Por isso, a pergunta "quantas vezes fazemos sexo?" pode ser menos útil do que outras: os dois estão satisfeitos com a vida sexual? Existe vontade de mudar alguma coisa? A diferença de desejo está causando tensão? Há espaço para conversar sobre isso sem transformar a relação em uma cobrança?
Menos sexo não significa necessariamente menos desejo
Outro equívoco é assumir que uma redução na frequência indica automaticamente perda de atração. O desejo não permanece estável durante toda a vida e nem precisa acompanhar a frequência sexual.
Um estudo de 2025 sobre a percepção do tempo desde a última relação mostrou que a maneira como as pessoas sentem esse intervalo também pode estar relacionada ao desejo e à satisfação. Para uma pessoa, uma semana pode parecer pouco tempo; para outra, pode parecer uma eternidade. A experiência subjetiva do intervalo importa tanto quanto a contagem objetiva dos dias.
Além disso, sexo não se resume à penetração ou ao número de relações. Beijos, carícias, masturbação, intimidade e outras formas de contato físico também podem fazer parte da vida sexual de um casal. Pesquisas recentes têm justamente ampliado a análise para diferentes comportamentos sexuais e afetivos, em vez de considerar apenas a frequência da relação sexual.
Então, qual é a frequência 'normal'?
Não existe um número que determine o que é uma vida sexual normal. Há casais que transam várias vezes por semana, outros que mantêm relações algumas vezes por mês e aqueles que passam períodos mais longos sem sexo. Todos podem estar satisfeitos, ou não.

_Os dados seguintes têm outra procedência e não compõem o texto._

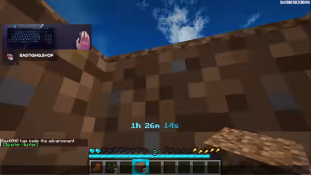 01:18:10Die dritte Nacht bricht an und die Falle funktioniert zuverlässiger. Der Streamer sammelt weiterhin Rotten Fleisch, ist aber immer knapp an Herzen. Parallel dazu interagiert er stark mit dem Chat, um verschiedene Quizrunden zu spielen. Dabei geht es darum, Minecraft-Versionen anhand von Kreaturen und Blöcken zu erraten, was den Stream unterhaltsamer gestaltet.

O dado de uma vez por semana, frequentemente citado a partir da pesquisa sobre frequência sexual e bem-estar, pode servir como referência estatística, mas não como meta.
No fim, talvez a pergunta mais interessante não seja "quantas vezes por semana deveríamos fazer sexo?", mas "a nossa vida sexual está funcionando para nós?". Quando a resposta é sim, o calendário deixa de ser tão importante. Quando é não, o número pode até indicar que existe uma diferença a ser discutida, mas dificilmente será, sozinho, a solução.